Accusations of cross-border intellectual property theft feature prominently in modern trade wars. Yet beyond the headlines of international corporate espionage and cyber security breaches, a tiny widget used in DVD players is a more tangible example of the kind of IP theft western companies face from manufacturers in developing markets.
A landmark case in the Delhi High Court not only helped Dutch multinational Philips protect its own licensing agreements in India, but may also provide a framework for all technology manufacturers that want to protect their IP in emerging markets.
In 2009, Philips claimed a number of companies in India were unlawfully using its patented ideas to make and sell DVD players. By then, Philips had been in India for 90 years and had sunk significant research and development funds into the market.

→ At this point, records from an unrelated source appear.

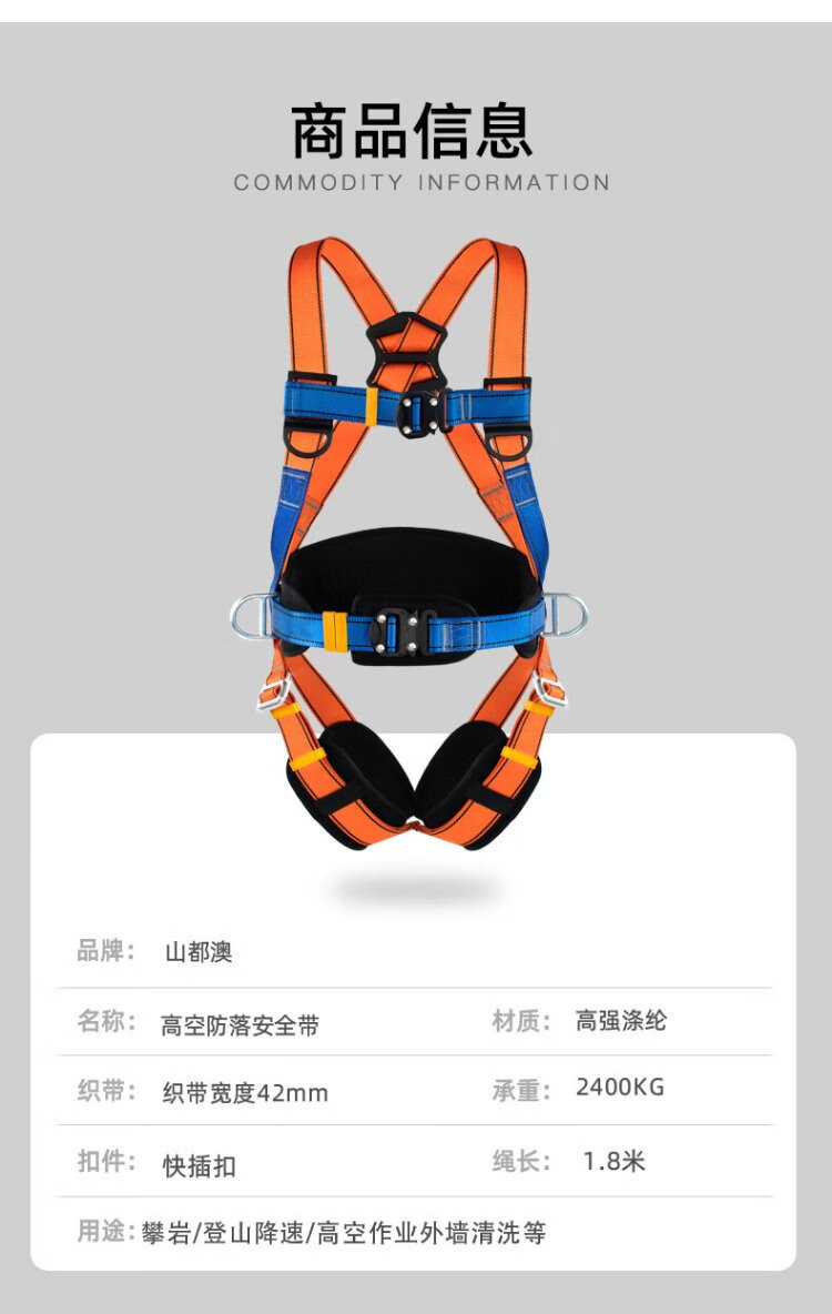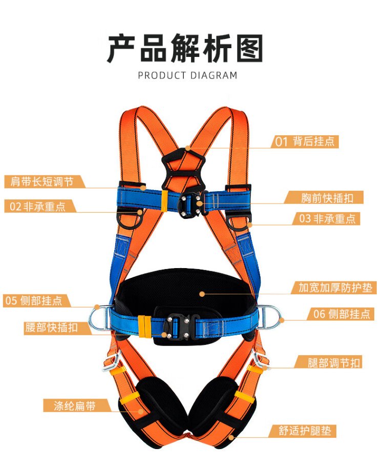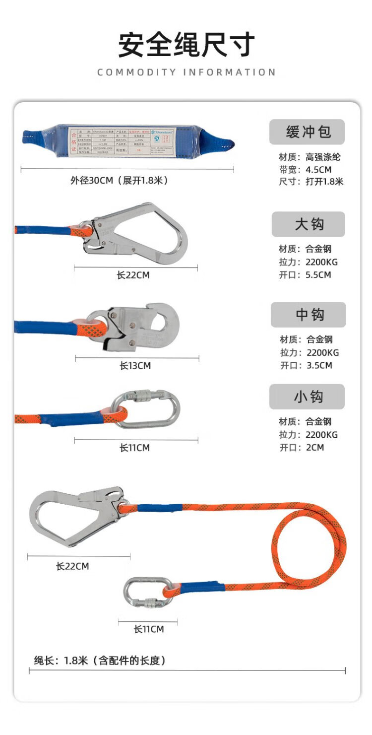 Sanduao safety belt double hook buffer bag 1.8 meters high-altitude five-point safety belt national standard AD8636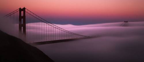 Летом туман в Сан-Франциско укутывает весь мегаполис плотным слоем. В это время особенно завораживающее зрелище представляет мост «Золотые ворота», который буквально парит как бы в облаках. Фотограф Теренс Чанга сумел запечатлеть уникальный природный феномен, сделав для этого снимки с длительной выдержкой. |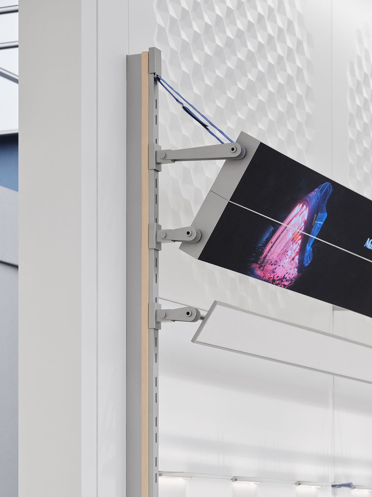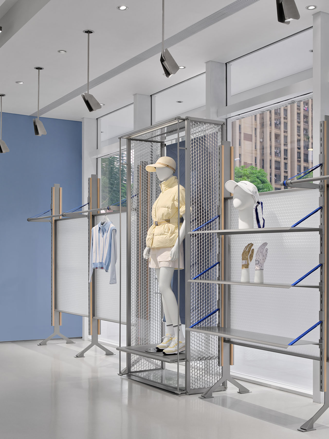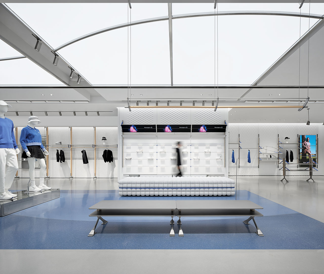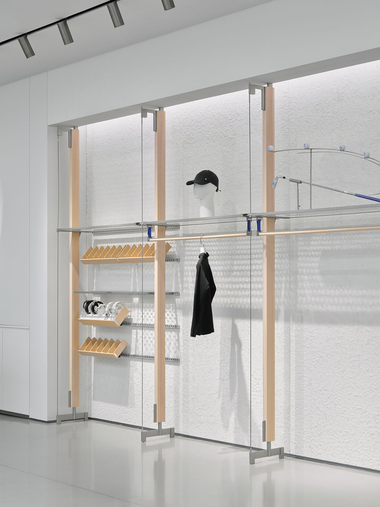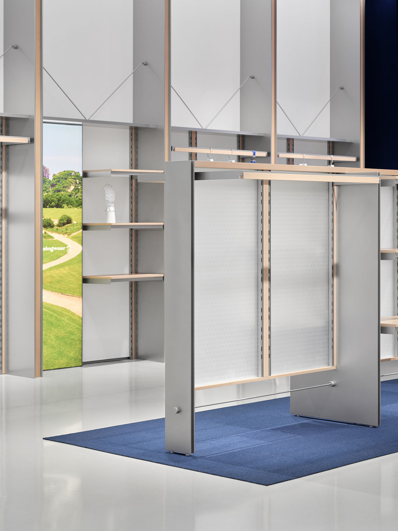 设计团队将高尔夫球具元素拆解并融入货架系统的设计语言之中,藉由材质的交织碰撞,捕捉运动过程中的动态能量,传递出高尔夫运动所蕴含的活力与趣味,进一步诠释品牌所倡导的“高尔夫生活方式”。

The company viewed the threat as profound. “India is one of the company’s four innovation hubs for R&D,” says Jako Eleveld, who heads Philips’s intellectual property licensing out of the company’s headquarters in the Netherlands. Philips invests around €1.8bn a year in research and development globally, he says. Because R&D leads to new ideas, inventions and intellectual property, it is important to have “a robust legal system” so that patent owners can reap the rewards of their R&D spending.
Some patents are relatively superficial, such as the design of a casing or placement of a circuit board. In this case, however, which until last year had been going on for more than a decade, some Indian companies were using core Philips technology and processes that were essential to the playback function in its DVD players, but without paying royalties for the privilege.
Some technology is so fundamental to a product that it simply does not work without it. Think of global transmission systems in mobile phones. Such technologies need to be standardised across all products, no matter the manufacturer, and are protected by so-called standard-essential patents (SEPs). In DVDs, Philips owns the rights to certain standards for playback functions.
Philips’s law firm in India, Anand and Anand, found itself in a curious position. In 2009, when it first started defending Philips’s SEPs, there was little precedent for it to use. Western courts had not yet begun to understand how to deal with SEPs, so the Indian courts found themselves making judgments that would ultimately inform courts around the world.
At the time of taking on the Philips case, lawyers at Anand and Anand had already recognised the importance of dealing with SEP infringement not only in India but globally. “Even in 2009 we anticipated that there would be an explosion of SEP issues,” says managing partner Pravin Anand. “Most of the companies that own these patents are large multinationals [that] want to manufacture in India, so the Indian courts become even more important because the decision extends to other jurisdictions.”
Vaishali Mittal, another lawyer at the firm, says the Philips case was the first time a plaintiff had tried to prove indirect infringement of such patents in India.
One of the big difficulties of the case was to “explain complex DVD technology to a judge who may not necessarily have a science or a technical background”.
Anand and Anand’s response was to design and present a video animation that helped describe the entire patented invention in a “straightforward but engaging manner”. Even the defence lawyers, says Ms Mittal, could not argue with the plaintiff’s descriptions of the technology, because it was so accurate and easy to understand.
At the same time, even if Philips won the case, its lawyers worried that the defendants would not be able to pay the royalty they owed. “In India, a common defence is financial constraints and the threat of bankruptcy,” says Mr Anand. “When litigation is drawn out over many years, it’s possible that the defendants won’t even be around to pay damages when a decision is finally made.”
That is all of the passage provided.